From: Roman Gushchin <guro@fb.com>
To: <iommu@lists.linux-foundation.org>
Cc: Joerg Roedel <joro@8bytes.org>, <linux-kernel@vger.kernel.org>,
<linux-mm@kvack.org>, Michal Hocko <mhocko@kernel.org>,
Johannes Weiner <hannes@cmpxchg.org>,
"Kirill A. Shutemov" <kirill.shutemov@linux.intel.com>,
Andrea Arcangeli <aarcange@redhat.com>,
Andrew Morton <akpm@linux-foundation.org>,
Wei Yang <richardw.yang@linux.intel.com>
Subject: kernel BUG at mm/huge_memory.c:2613!
Date: Thu, 18 Jun 2020 17:19:38 -0700 [thread overview]
Message-ID: <20200619001938.GA135965@carbon.dhcp.thefacebook.com> (raw)
Hi!
I was consistently hitting a VM_BUG_ON_PAGE() in split_huge_page_to_list()
when running vanilla 5.8-rc1 on my desktop. It was happening on every boot
during the system start. I haven't seen this issue on 5.7.
It looks like split_huge_page() expects the page to be locked,
but it hasn't been changed from 5.7. I do not see any suspicious
commits around the call side either.
I've tried the following patch:
--
From 4af38fbf06a9354fadf22a78f1a42dfbb24fbc3a Mon Sep 17 00:00:00 2001
From: Roman Gushchin <guro@fb.com>
Date: Thu, 18 Jun 2020 16:33:47 -0700
Subject: [PATCH] iommu/dma: lock page before calling split_huge_page()
split_huge_page() expects a locked page. The following stacktrace
is generated if debug is on.
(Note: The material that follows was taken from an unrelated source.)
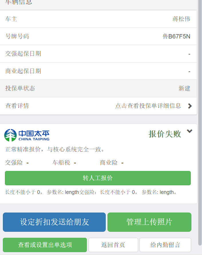描述:上述车使用海林微信公众号选择太平财险报价时,系统报价失败给出的错误提示为“参数名: length交强险:长度不能小于 0”。报价过程中的起保日期默认第二天,选择的条款为三者100万和车损,选择其他车型也一并报错。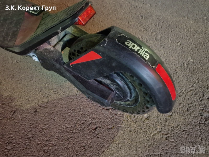 тротинетка APRILIA E-SR2 TS, леки нормални следи от употреба, но нищо сериозно, което да нарушава търговския й вид. Не е претърпявала инциденти. Развива до 25 км/ч и е с пробег до 25 км с пълен заряд в зависимост от терена и начина управление.

Fix this by locking the page before
passing it to split_huge_page().
[ 24.861385] page:ffffef044fb1fa00 refcount:1 mapcount:0 mapping:0000000000000000 index:0x0 head:ffffef044fb1fa00 order:2 compound_mapcount:0 compound_pincount:0
[ 24.861389] flags: 0x17ffffc0010000(head)
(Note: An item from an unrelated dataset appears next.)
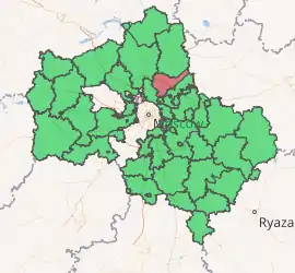 Pushkinsky District (Russian: Пу́шкинский райо́н) is an administrative[1] and municipal[2] district (raion), one of the thirty-six in Moscow Oblast, Russia. It is located in the northern central part of the oblast. The area of the district is 571.47 square kilometers (220.65 sq mi).[2] Its administrative center is the city of Pushkino.[1] Population: 177,510 (2010 Census);[3] 163,439 (2002 Census);[8] 123,630 (1989 Census).[9] The population of Pushkino accounts for 58.0% of the district's total population.[3]

[ 24.861393] raw: 0017ffffc0010000 dead000000000100 dead000000000122 0000000000000000
[ 24.861395] raw: 0000000000000000 0000000000000000 00000001ffffffff 0000000000000000
[ 24.861396] page dumped because: VM_BUG_ON_PAGE(!PageLocked(head))
[ 24.861411] ------------[ cut here ]------------
[ 24.861413] kernel BUG at mm/huge_memory.c:2613!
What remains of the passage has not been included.